(REQUIREMENT): Below are the records; give again exactly the lines from the one containing "The AolsteCell 516698-3S" through the one containing "- 기능 요구사항: 기능, 자료, 인터페이스, 사용자", leaving out pictures.

(Extracted records)
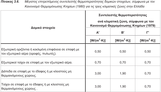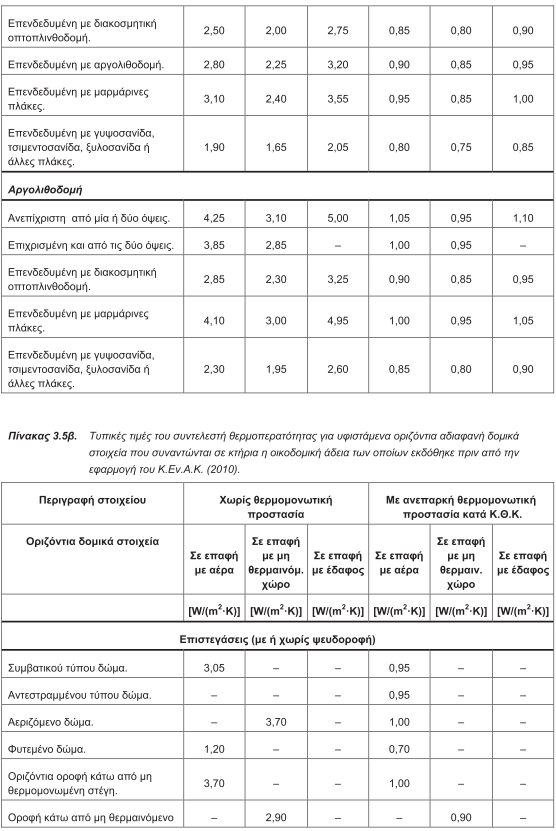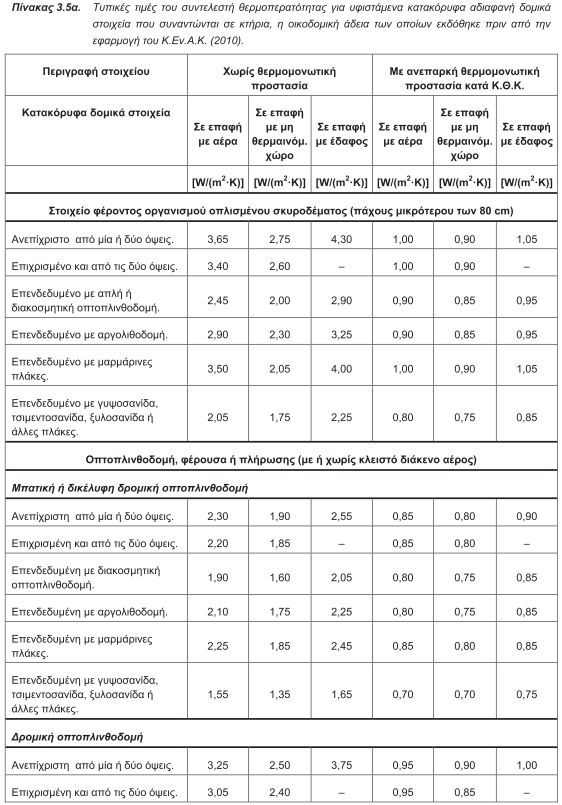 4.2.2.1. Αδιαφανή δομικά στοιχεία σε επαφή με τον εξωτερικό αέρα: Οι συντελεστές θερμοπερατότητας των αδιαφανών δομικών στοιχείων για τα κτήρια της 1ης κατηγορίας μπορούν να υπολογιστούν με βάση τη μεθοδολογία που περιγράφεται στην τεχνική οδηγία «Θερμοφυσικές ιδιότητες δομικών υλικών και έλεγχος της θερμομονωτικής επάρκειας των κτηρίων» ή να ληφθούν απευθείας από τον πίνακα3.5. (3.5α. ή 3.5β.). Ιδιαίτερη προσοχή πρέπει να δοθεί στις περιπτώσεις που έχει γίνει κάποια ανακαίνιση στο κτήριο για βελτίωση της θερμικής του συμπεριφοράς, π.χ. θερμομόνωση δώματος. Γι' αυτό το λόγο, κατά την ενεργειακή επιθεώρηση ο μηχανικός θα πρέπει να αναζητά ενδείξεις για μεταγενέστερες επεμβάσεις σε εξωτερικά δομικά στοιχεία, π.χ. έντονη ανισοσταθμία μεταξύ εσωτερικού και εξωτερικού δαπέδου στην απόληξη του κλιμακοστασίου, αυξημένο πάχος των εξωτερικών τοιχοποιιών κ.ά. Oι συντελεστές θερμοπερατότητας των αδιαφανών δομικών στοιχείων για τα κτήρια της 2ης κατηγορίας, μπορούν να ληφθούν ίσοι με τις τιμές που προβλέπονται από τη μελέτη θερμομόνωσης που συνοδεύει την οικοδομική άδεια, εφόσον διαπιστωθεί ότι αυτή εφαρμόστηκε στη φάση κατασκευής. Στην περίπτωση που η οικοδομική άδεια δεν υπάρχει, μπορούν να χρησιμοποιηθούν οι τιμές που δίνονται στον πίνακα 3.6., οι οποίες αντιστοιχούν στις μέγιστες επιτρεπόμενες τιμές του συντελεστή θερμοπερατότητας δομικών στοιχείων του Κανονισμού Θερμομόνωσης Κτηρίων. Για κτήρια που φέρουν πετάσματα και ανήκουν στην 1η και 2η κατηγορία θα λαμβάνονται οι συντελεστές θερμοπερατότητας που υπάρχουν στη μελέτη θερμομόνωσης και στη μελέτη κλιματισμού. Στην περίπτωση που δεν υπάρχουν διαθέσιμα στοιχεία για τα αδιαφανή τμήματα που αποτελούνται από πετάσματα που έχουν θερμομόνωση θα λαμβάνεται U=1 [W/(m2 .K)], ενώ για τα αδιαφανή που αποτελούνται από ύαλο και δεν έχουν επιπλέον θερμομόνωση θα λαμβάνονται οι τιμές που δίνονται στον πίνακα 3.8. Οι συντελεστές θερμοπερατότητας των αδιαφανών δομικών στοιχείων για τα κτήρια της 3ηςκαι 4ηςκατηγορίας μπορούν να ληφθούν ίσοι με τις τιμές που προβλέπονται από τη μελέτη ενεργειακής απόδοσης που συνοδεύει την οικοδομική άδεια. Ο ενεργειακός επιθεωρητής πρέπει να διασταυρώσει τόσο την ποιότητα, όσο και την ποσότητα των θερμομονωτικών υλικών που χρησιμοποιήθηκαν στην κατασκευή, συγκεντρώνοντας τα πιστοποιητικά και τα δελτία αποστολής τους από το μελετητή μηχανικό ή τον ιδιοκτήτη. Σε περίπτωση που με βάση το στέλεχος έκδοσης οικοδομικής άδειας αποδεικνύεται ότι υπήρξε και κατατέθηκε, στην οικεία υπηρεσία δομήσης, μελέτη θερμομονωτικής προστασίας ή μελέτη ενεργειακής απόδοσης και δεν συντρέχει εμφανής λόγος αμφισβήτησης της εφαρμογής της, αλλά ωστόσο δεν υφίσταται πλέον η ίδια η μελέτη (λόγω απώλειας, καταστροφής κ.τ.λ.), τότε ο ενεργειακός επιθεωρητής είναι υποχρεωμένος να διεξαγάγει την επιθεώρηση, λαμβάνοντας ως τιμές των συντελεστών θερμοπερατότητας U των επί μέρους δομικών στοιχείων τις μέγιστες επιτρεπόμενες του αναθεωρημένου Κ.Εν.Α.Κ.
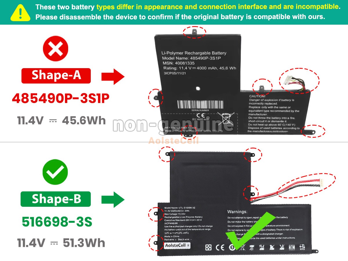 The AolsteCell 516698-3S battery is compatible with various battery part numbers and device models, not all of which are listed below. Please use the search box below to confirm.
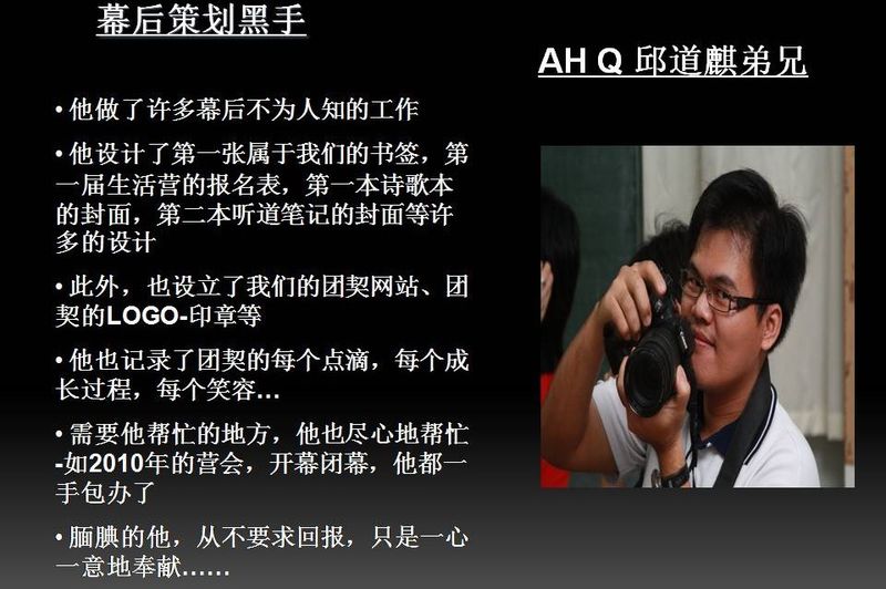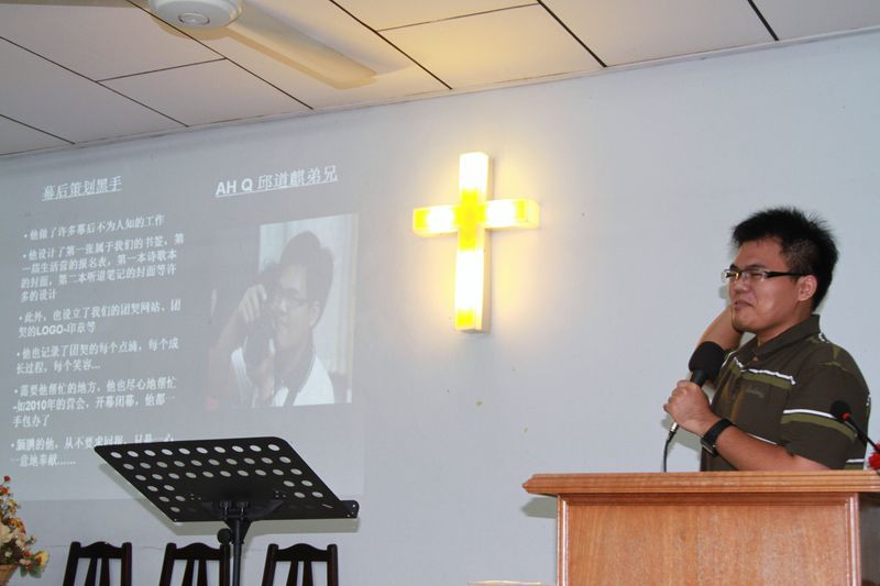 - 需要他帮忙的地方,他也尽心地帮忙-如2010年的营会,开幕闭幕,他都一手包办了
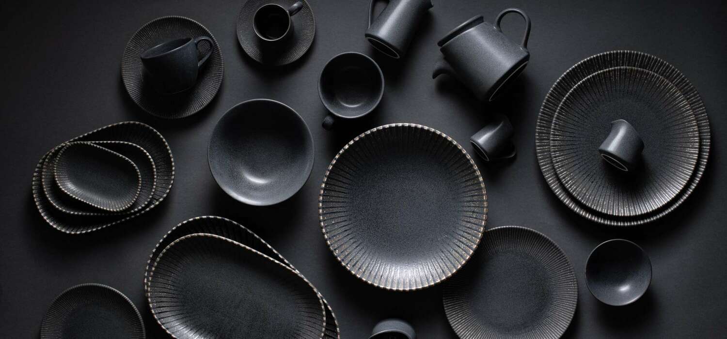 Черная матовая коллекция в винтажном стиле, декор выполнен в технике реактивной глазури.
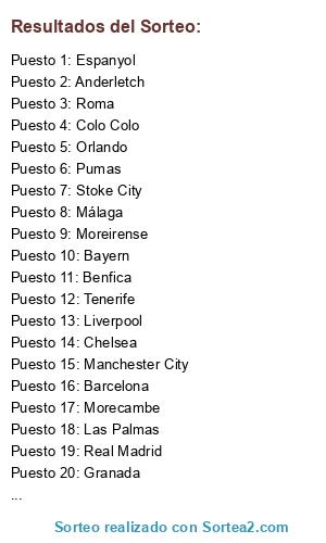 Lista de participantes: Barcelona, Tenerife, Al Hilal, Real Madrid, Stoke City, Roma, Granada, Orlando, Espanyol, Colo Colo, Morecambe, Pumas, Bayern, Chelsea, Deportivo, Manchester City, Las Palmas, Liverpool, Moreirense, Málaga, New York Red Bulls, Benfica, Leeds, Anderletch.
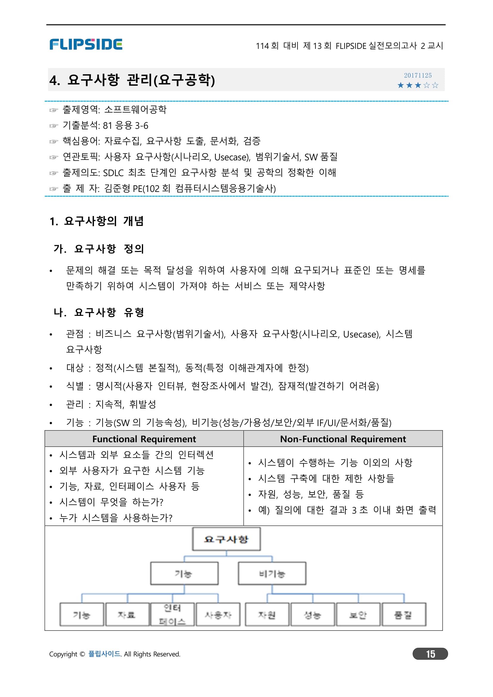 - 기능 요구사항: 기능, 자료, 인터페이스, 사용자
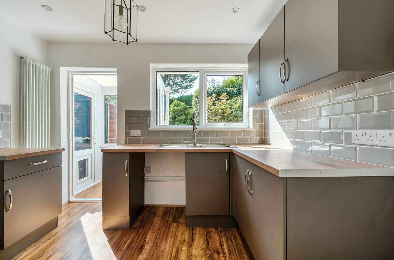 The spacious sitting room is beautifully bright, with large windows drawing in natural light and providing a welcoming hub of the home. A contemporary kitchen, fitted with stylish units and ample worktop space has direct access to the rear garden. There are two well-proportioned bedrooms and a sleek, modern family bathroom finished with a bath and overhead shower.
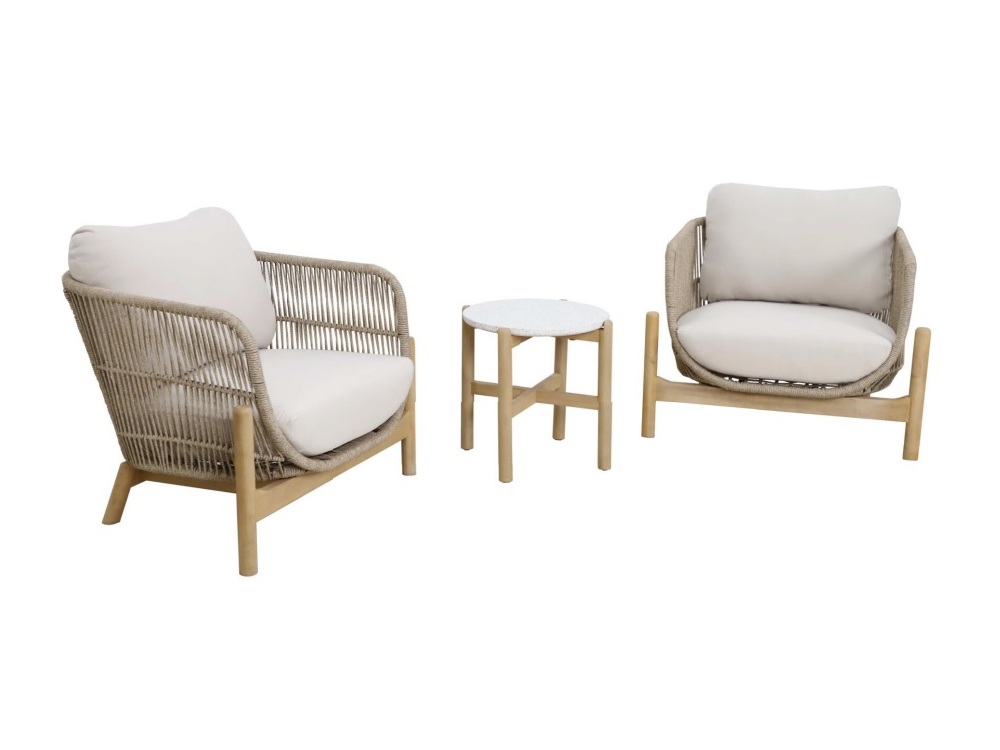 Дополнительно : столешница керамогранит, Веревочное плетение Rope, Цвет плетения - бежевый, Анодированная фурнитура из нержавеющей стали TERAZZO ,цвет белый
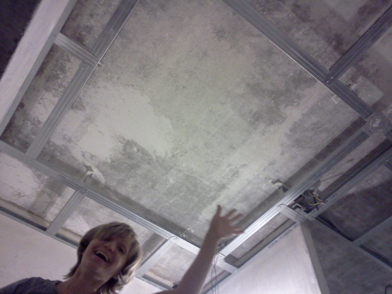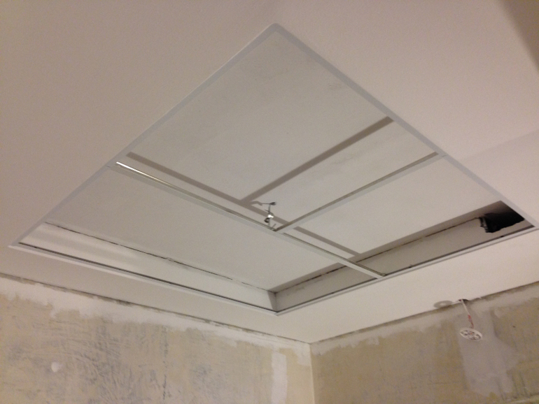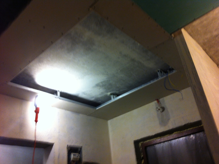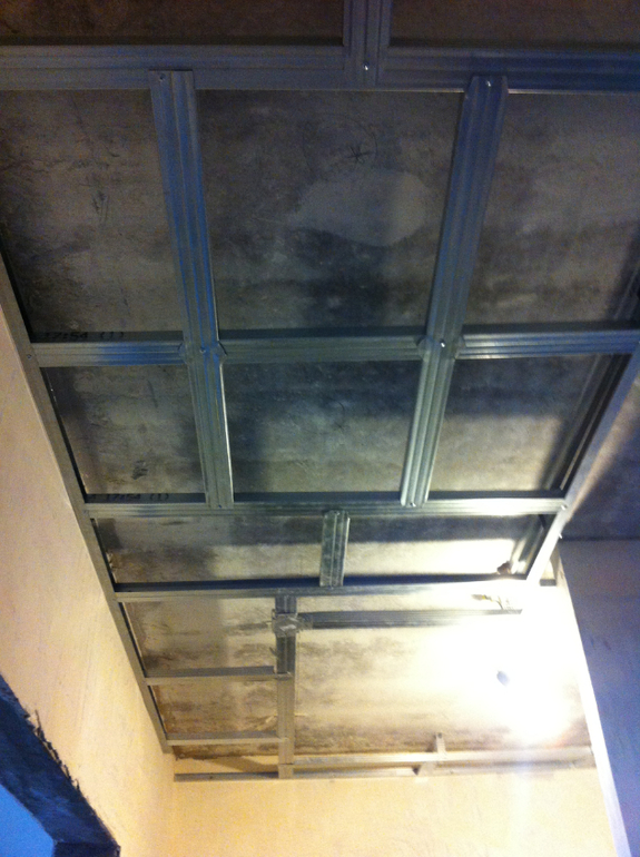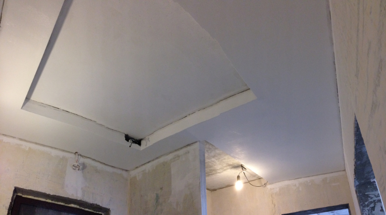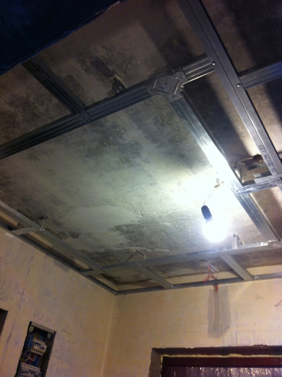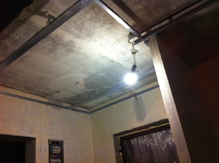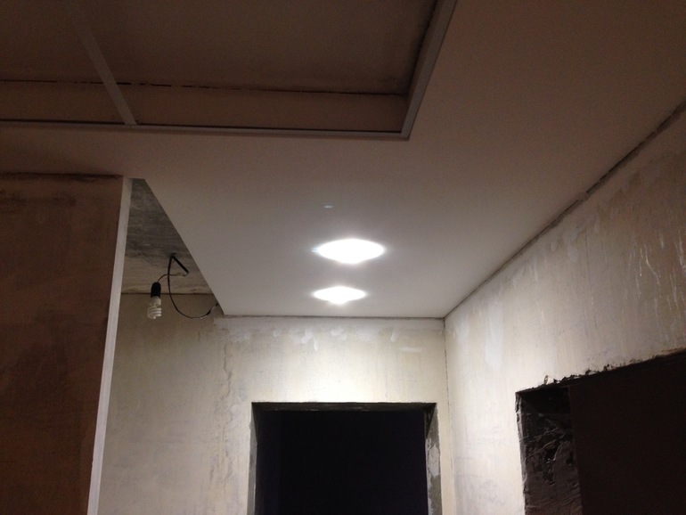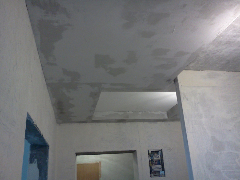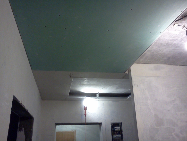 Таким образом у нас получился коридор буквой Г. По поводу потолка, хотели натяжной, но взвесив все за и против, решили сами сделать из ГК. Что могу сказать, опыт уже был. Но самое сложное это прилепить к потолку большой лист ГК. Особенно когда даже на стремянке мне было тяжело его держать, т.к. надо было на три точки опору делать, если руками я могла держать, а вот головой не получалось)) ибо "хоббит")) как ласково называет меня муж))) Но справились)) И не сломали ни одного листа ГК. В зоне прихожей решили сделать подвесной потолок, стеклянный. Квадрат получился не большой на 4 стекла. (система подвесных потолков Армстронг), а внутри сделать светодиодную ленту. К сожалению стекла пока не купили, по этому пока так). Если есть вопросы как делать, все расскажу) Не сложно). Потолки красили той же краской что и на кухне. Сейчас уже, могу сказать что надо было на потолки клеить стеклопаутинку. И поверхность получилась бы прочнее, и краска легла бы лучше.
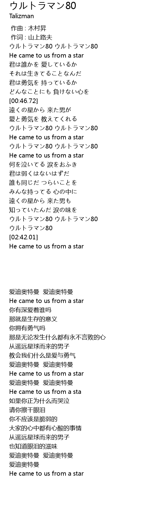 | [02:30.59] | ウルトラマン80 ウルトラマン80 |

(EXERCISE OUTPUT):
 The AolsteCell 516698-3S battery is compatible with various battery part numbers and device models, not all of which are listed below. Please use the search box below to confirm.
 - 需要他帮忙的地方,他也尽心地帮忙-如2010年的营会,开幕闭幕,他都一手包办了
 Черная матовая коллекция в винтажном стиле, декор выполнен в технике реактивной глазури.
 Lista de participantes: Barcelona, Tenerife, Al Hilal, Real Madrid, Stoke City, Roma, Granada, Orlando, Espanyol, Colo Colo, Morecambe, Pumas, Bayern, Chelsea, Deportivo, Manchester City, Las Palmas, Liverpool, Moreirense, Málaga, New York Red Bulls, Benfica, Leeds, Anderletch.
 - 기능 요구사항: 기능, 자료, 인터페이스, 사용자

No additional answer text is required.